Claire Bateman's Locals is a narrative atlas of prose poems as intimate as they are unpredictable, each a keyhole glimpse into the life of a different realm where our normal logic doesn't apply. Are we beholding magic? No, but through observing these strangers, we're confronted by the extraordinary paradoxes within our own hearts.The book will be available on Amazon.com.
In P. K. Harmon's What Island, what is it like to go abroad but not for vacation? What business do we have? What right-minded, haunted search for community, for family, for social justice takes us beyond our borders, domestic rooms, and familiar walls? What responsibility is there—those of us who’ve been to the two-thirds world, met the 99%, the uninsured, the impoverished—when we arrive and hear the planet’s last message: pay attention, live on me. What W. S. Merwin has done to elevate ecology to the poetic, P. K. Harmon now takes—without bravado, without exaggeration—to the source, the sun, the tropics we’ve wanted, adorned with fantasies of leisure, then ruined. But also, despite any American devastation, what we’ve loved and longed for: “how blue / and how we turned from one / another into blue—all so blue / those old beaks cutting ahead /the flapping somehow grace too // in the flight—those two into / a deeper and deeper blue and I / drifted closer and closer // to the rough and sharp until / finally the heavy air that is / coming into a lovely silence.” What island? The ultimate answer is earth. The book is available on Amazon.com.

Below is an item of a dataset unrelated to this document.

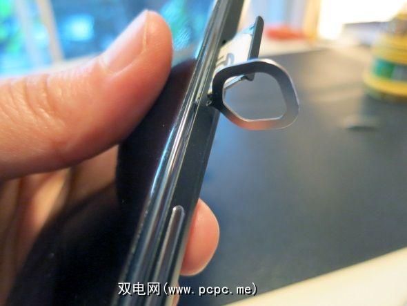 Nexus 4随附SIM卡弹出工具。只需将其插入弹出孔即可随即弹出SIM卡托。将SIM卡及其托盘放在一边,然后继续。

Mark Hillinghouse's Between Frames integrates poems previously published in many magazines with more than twenty striking black and white photographs. The book is available on Amazon.com.
Steve Kowit's Lurid Confessions, his first full-length poetry collection, had two printings with Carpenter Press in 1983 but has been out of print for years. It's been our loss not to have access to the wit and insights of so many excellent poems. Serving House Books is proud to be the publisher of a new edition. The book is available on Amazon.com.
The poems in David Memmott's poetry collection, Lost Transmissions speak to the need we have to explore the depths of our own psyches, a need so insistent that many of us would sell our souls to unearth the answers to what motivates our lives—what motivates our actions. The poems express as well the power of verse, how it can help us rise above those experiences that might otherwise be crippling—war, death, brutality, loss of love, loss of voice and creativity, the soul’s variable value, the insecure body and mind never knowing where the doors to understanding are, nor how many dimensions surround us unexplored. The book will be available on Amazon.com.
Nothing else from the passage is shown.